Social & emotional skills 

  • Collaboration. Children learn to work as a team when doing cooking experiences and to share, cooperate and take turns – e.g. “You crack the eggs, and I will stir!” 
  • Inclusion and Diversity. Preparing and enjoying foods from other countries and cultures teaches children to embrace others and encourages inclusion. 
  • Creativity. What fruits can we add to this smoothie? 
  • Sustainability. Growing our own food and recycling our organic waste from food scraps is a way of reducing our impact on the planet. 

We view our Cooking and Nutrition Program at Guardian as much more than just feeding the children new and healthy foods. It is a great daily learning opportunity from our babies through to more interactive experiences for our Preschool and Kindergarten children. 

happy child cooking

Learning outcome 1: Numeracy 

When preparing a dish, we have the children help count out the ingredients, measure what needs to be added and even weigh things like flour and butter, which teaches them in a real-world way about quantities. We also explore concepts like volume when we’re pouring from one jug or container into another. 

Learning outcome 2: Literacy 

Cookbooks aren’t necessarily just for cooking. They are actually a great example of an information text for young children. Cookbooks combine bright photos and clearly written lists of words, which allows children to relate the photos to the text and gain real understanding. We often get the older children involved in reading out the ingredients and the method for our recipes. 

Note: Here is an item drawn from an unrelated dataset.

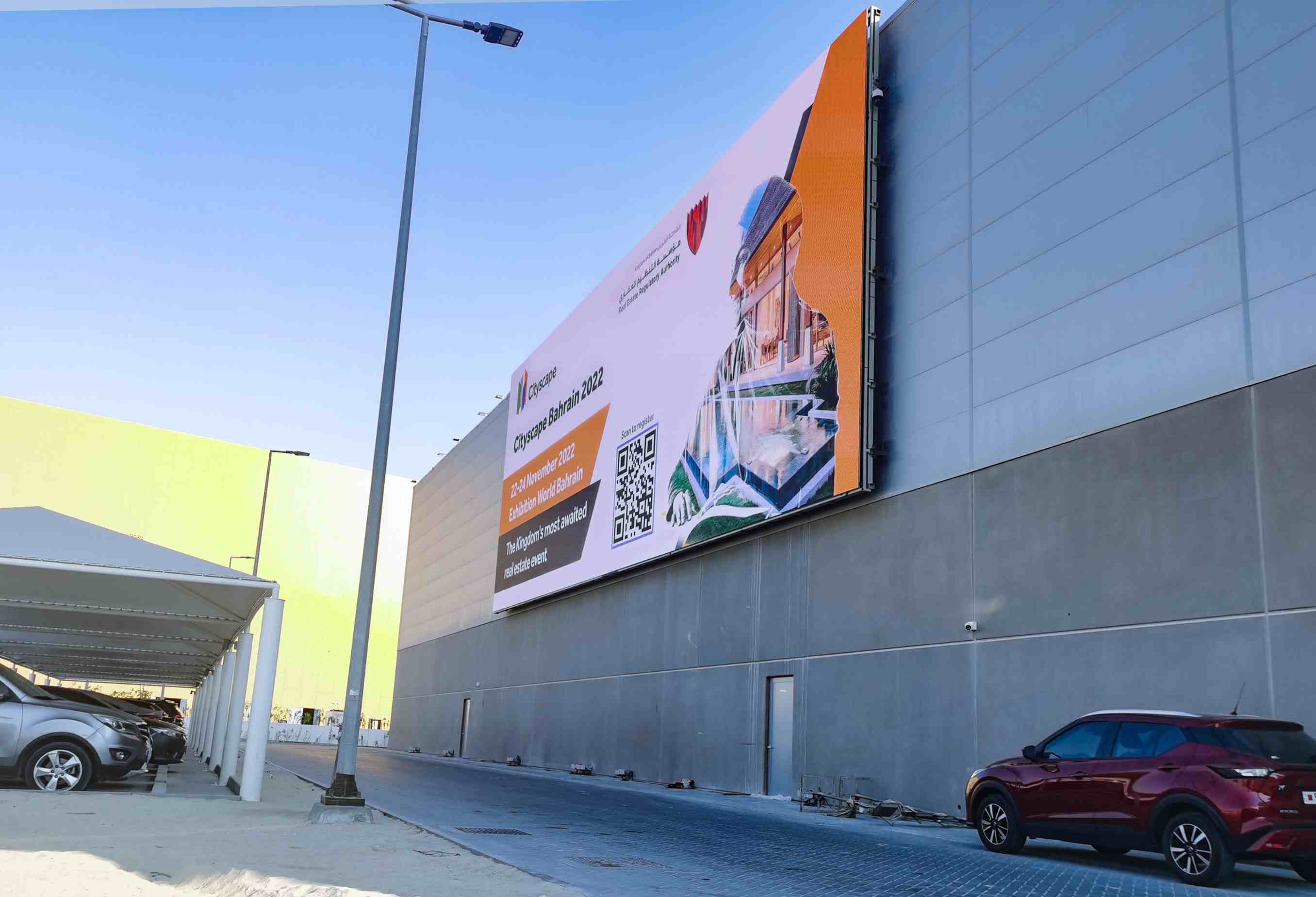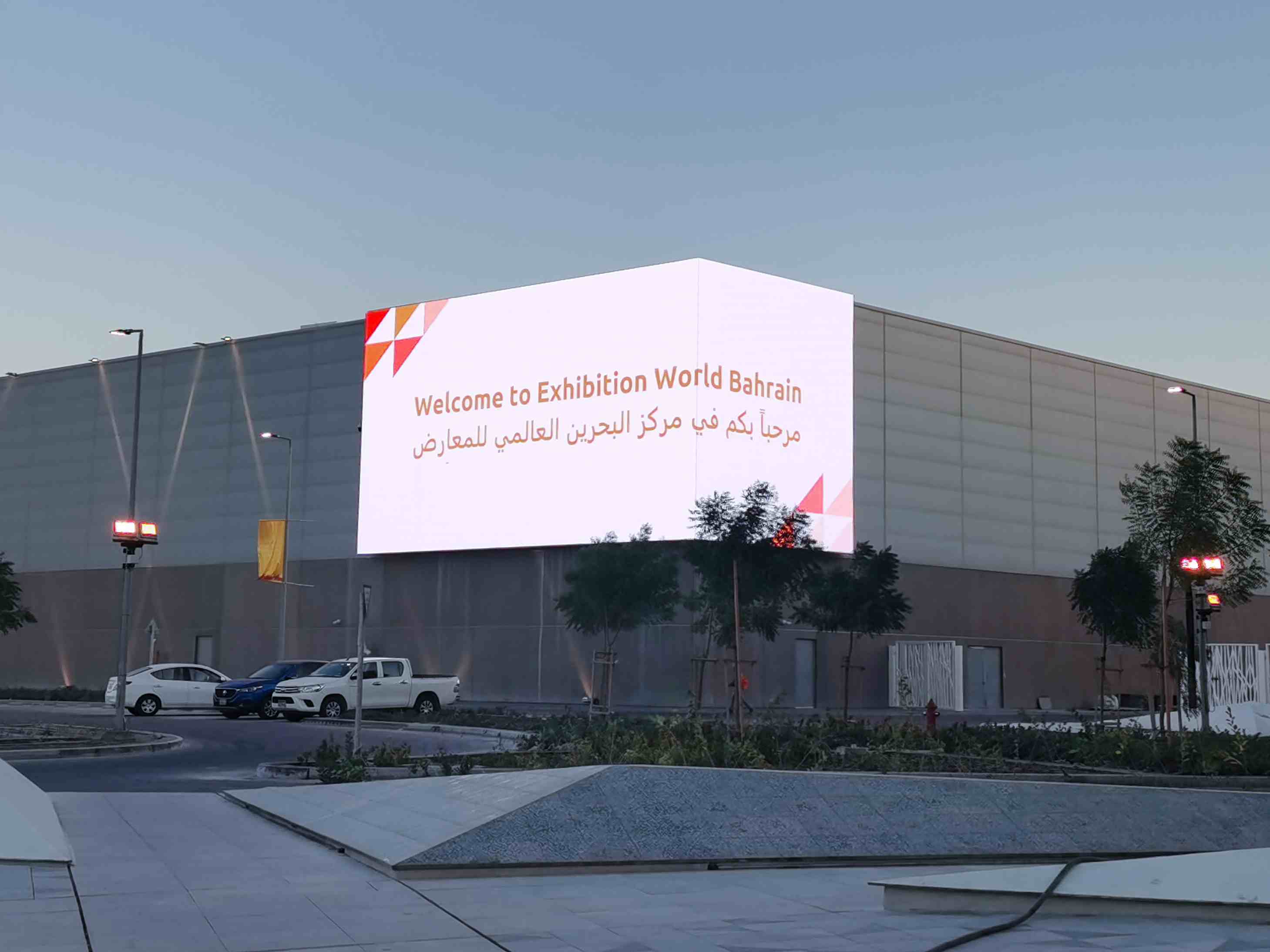 The three large LED screens are settled onto the facade of Hall 1 to 3 of Exhibition World Bahrain, delivering the latest show information of the centre. Among them, two LED screens are designed into L-shapes to facilitate easier-to-be-caught visuals such as naked-eye 3D content.

Learning outcome 3: Fine motor skills 

Mixing and stirring helps fine-tune those small hand muscles that are so important for holding a pencil when they reach school age. Activities like pouring and cracking eggs are also brilliant for coordination. We also use special, safe children’s knives that help the children develop their independence and to practice spatial awareness as they begin to understand where their fingers are in relation to the knife. 

Learning outcome 4: Scientific concepts 

Cooking also provides the opportunity to learn about science and how different elements react together. Be it the bubbling mix of bicarb soda and hot water when making yummy ANZAC biscuits, or exploring concepts such as why things go into the oven cold and wet and come out hot and dry. 

Learning outcome 5: Collaboration 

Children learn to work as a team when doing cooking experiences and to share, cooperate and take turns – e.g. “You crack the eggs, and I will stir!” This is all about children becoming collaborators – interacting with others, working together, giving and following instructions and making decisions and problem solving. 

Learning outcome 6: Inclusion & Diversity 

We are so lucky to have chefs and cooks in our Centres who create incredible meals for our children. Many of our cooks and chefs have family backgrounds from other countries, which means we’re also able to offer lots of new and exciting foods and flavours for the children to enjoy. This helps us have conversations about diversity, cultures and the different foods people eat and enjoy all around the world. 

Learning outcome 7: Creativity 

Cooking is also a chance for children to get creative in their learning. Whether it be coming up with different flavour combinations for a fruity smoothie, or decorating cookies and cupcakes in their own unique way. Cooking is an experience ripe for learning and imagination! 

Learning outcome 8: Sustainability 

Most of our Centres have vegetable and herb gardens, as well as active composting programs to feed our growing harvests which the children pick to add to our meals. This full ‘Playground to Plate’ experience teaches the children about the lifecycle of plants and how growing our own food is a great way to reduce our impact on the planet. 

 

The Guardian Cooking and Nutrition Program looks at every aspect of food and nutrition, and delivers it to children via fun, engaging, play-based learning. This means they can develop the skills to become independent and competent lifelong learners.